Tuesday, 6 November 2018

Monarchy by David Starkey


Monarchy: from the Middle Ages to Modernity by David Starkey
Published by HarperCollins in 2006.

I registered my copy of this book at BookCrossing.com

How I got this book:
Borrowed from my partner

My rating: 3 of 5 stars

Check for Monarchy in these bookstores:

The Book Depository
Wordery
Waterstones
Amazon US / Amazon UK

David Starkey’s magisterial new book Monarchy charts the rise of the British crown from the insurgency of the War of the Roses, through the glory and dangers of the Tudors, to the insolvency of the Stuarts and chaos of the English Civil War, the execution of Charles I, the rule of a commoner who was ‘king in all but name’, the importing of a German dynasty, and the coming-to-terms with modernity under the wise guidance of another German, Victoria’s Prince Consort Albert. An epilogue brings to story up to the present and asks questions about the future.

The crown of England is the oldest surviving political institution in Europe. And yet, throughout this book Starkey emphasises the Crown’s endless capacity to reinvent itself to circumstances and reshape national polity whilst he unmasks the personalities and achievements, the defeats and victories, which lie behind the kings and queens of British history.
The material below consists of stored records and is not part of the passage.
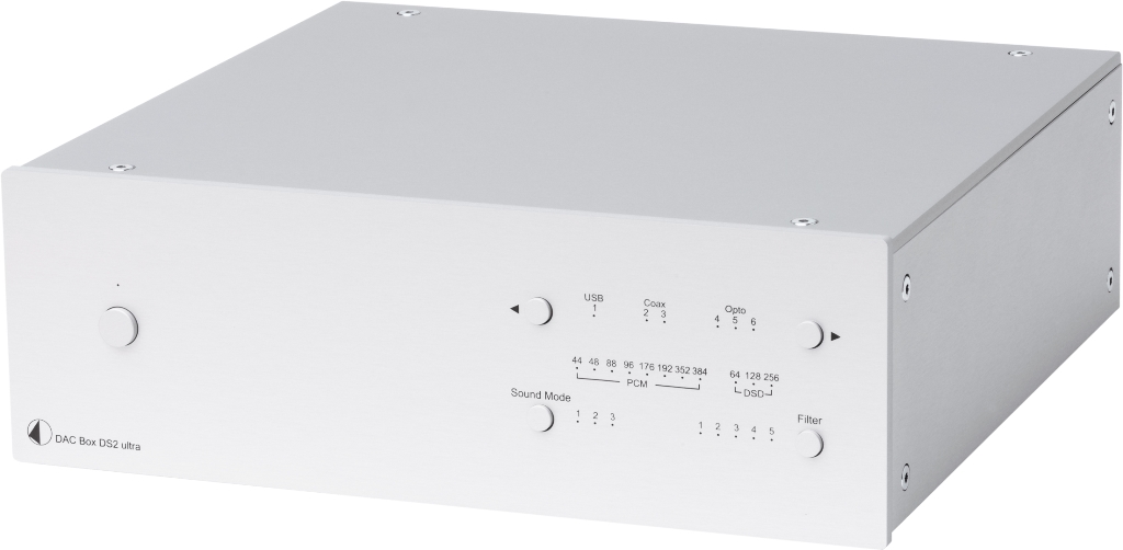 Pro-Ject DAC BOX DS2 Ultra представляет собой современный универсальный ЦАП, рассчитанный на работу с различными источниками сигнала. Аппарат оснащен USB-входом, на который можно подавать PCM-сигнал c частотой до 768 кГц и DSD до 11,2 МГц, а также коаксиальными и оптическими входами. В ЦАП-е имеется переключаемый цифровой фильтр, позволяющий подобрать оптимальные характеристики обработки различного музыкального сигнала, а также трехрежимная настройка характера звучания. DAC BOX DS2 Ultra отличается минимальными шумами и искажениями, а внешний штатный блок питания при желании может быть заменен на улучшенный Power Box DS2 Source.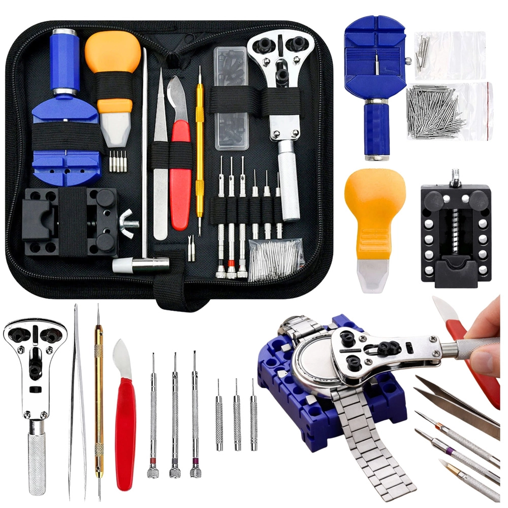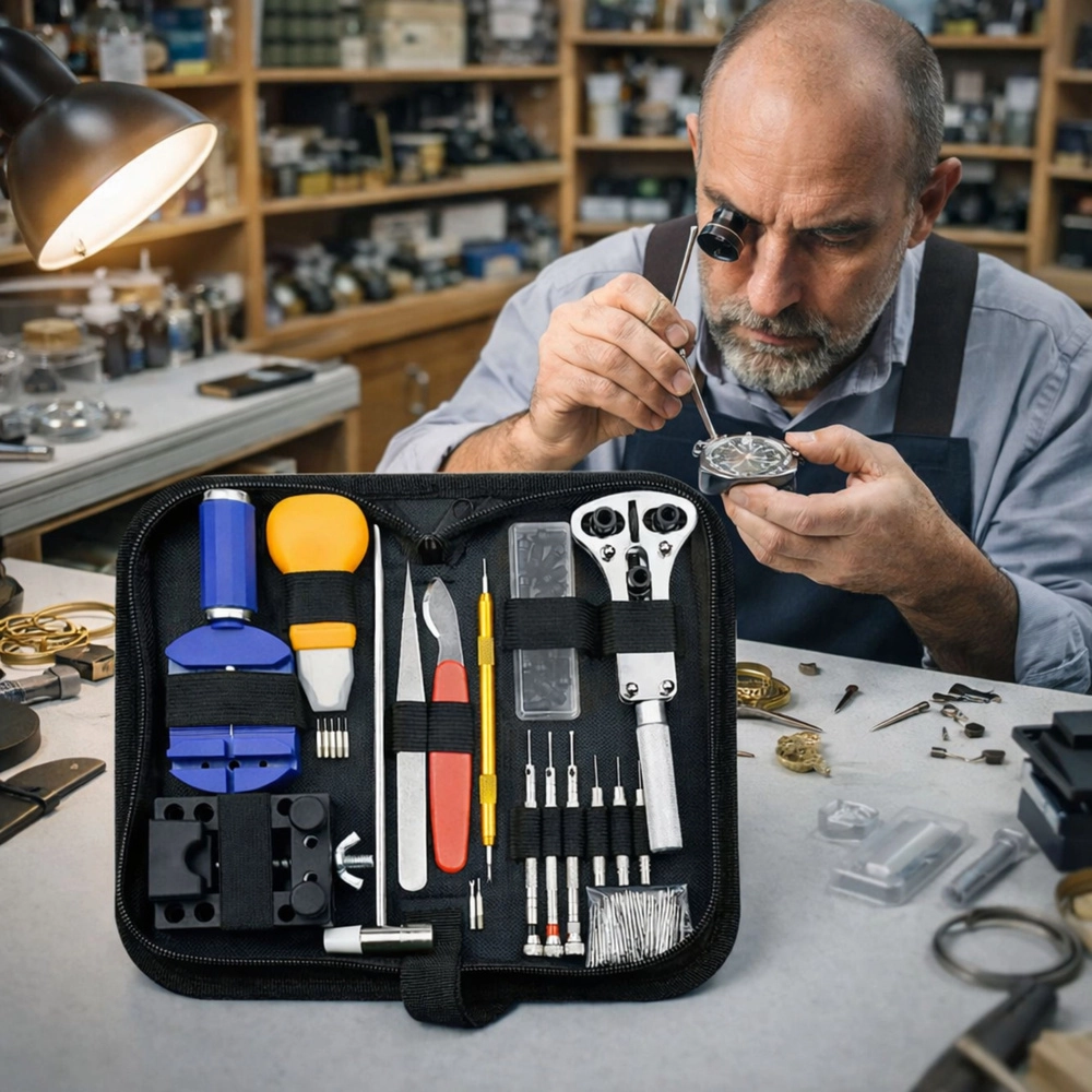 Uitgebreide set met tools voor het openen van deksels, inkorten van armbanden, vervangen van bandpinnen en precieze handling van onderdelen. Het praktische etui houdt alles overzichtelijk geordend.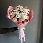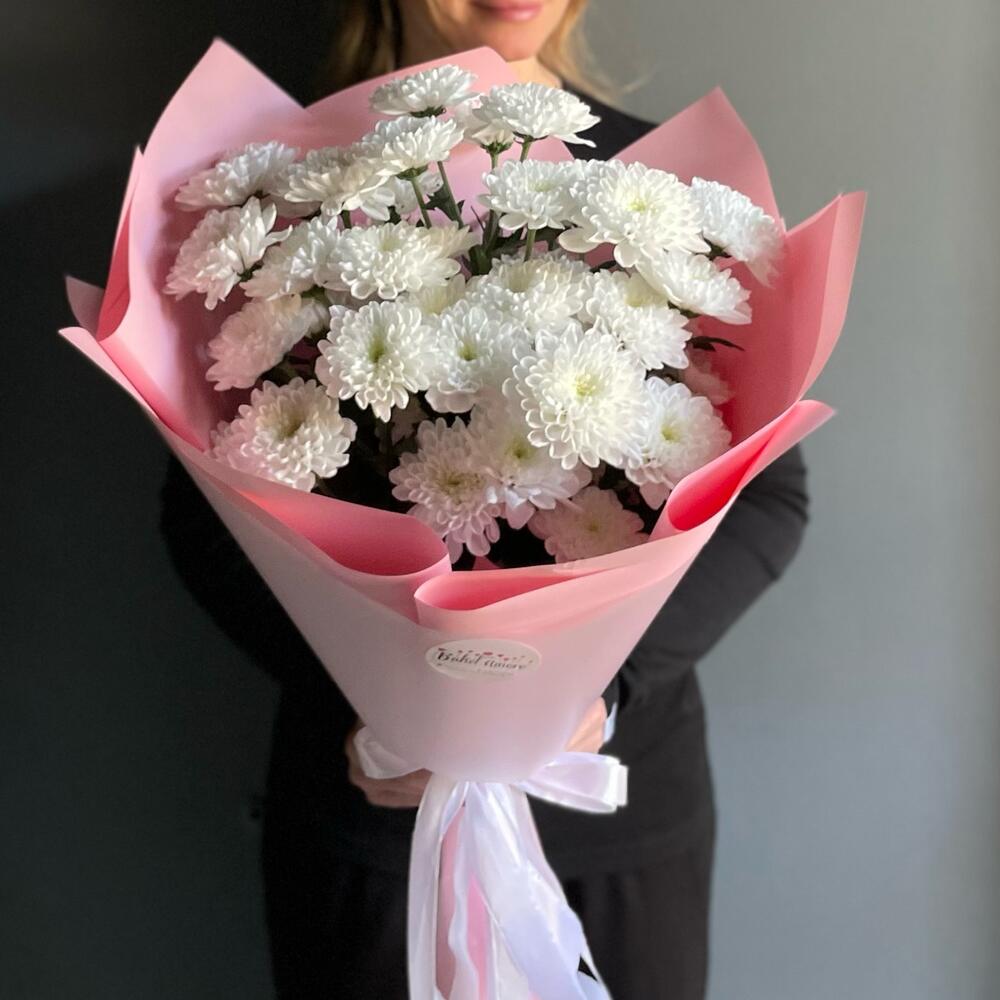 Букет из кустовой белой хризантемы в нежной розовой упаковке с добавлением белого пышного банта

Each of these monarchs has contributed, in their own way, to the religion, geography, laws, language and government that we currently live with today. In this book,Starkey demonstrates exactly how these states were arrived at, how these monarchs subtly influenced each other, which battles were won and why, whose whim or failure caused religious tradition to wither or flourish, and which monarchs, through their acumen and strength or single minded determination came to enforce the laws of England.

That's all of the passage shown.